Commenting on the findings, Claire Bale, Head of Research Communications and Engagement at Parkinson’s UK, said:
“This study highlights a potentially interesting connection between dairy products and Parkinson’s, but fails to tell us how the two might be connected.
“It’s really important to point out that the risk of developing Parkinson’s was still very low (around one in 100), even in those who consumed lots of dairy, so there is no reason for people to make changes to their diet based on this research.”
Other risk factors
It’s been suggested that pesticides and herbicides used in farming and traffic or industrial pollution may contribute to the condition.

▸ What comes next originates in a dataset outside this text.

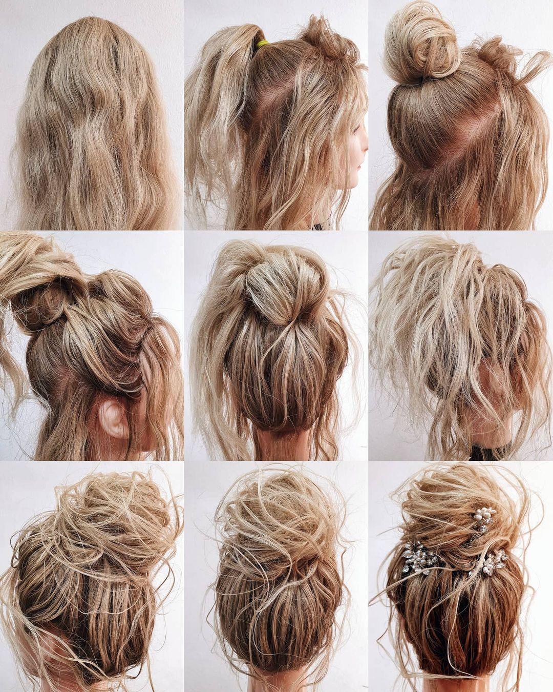 Прическа небрежный пучок на средние волосы

“But the evidence linking environmental factors to Parkinson’s disease is inconclusive,” says the NHS.
Genetic factors have provided a more conclusive link, although exactly how these make some people more susceptible to the condition is unclear.
“Over the years, scientists have studied DNA from people with Parkinson’s, comparing their genes,” explains the Parkinson’s Foundation (PF).
Even when someone has a gene mutation associated with Parkinson’s, the likelihood of developing the disease is low, however.
“This is because researchers are only beginning to understand the role genes play in Parkinson’s — like if certain genes cause Parkinson’s and how other genes may protect some people from developing it,” says the Parkinson’s Foundation (PF).
It adds: “Right now, we know that inherited genetics, environmental influences and lifestyle choices collectively determine if someone will develop Parkinson’s.”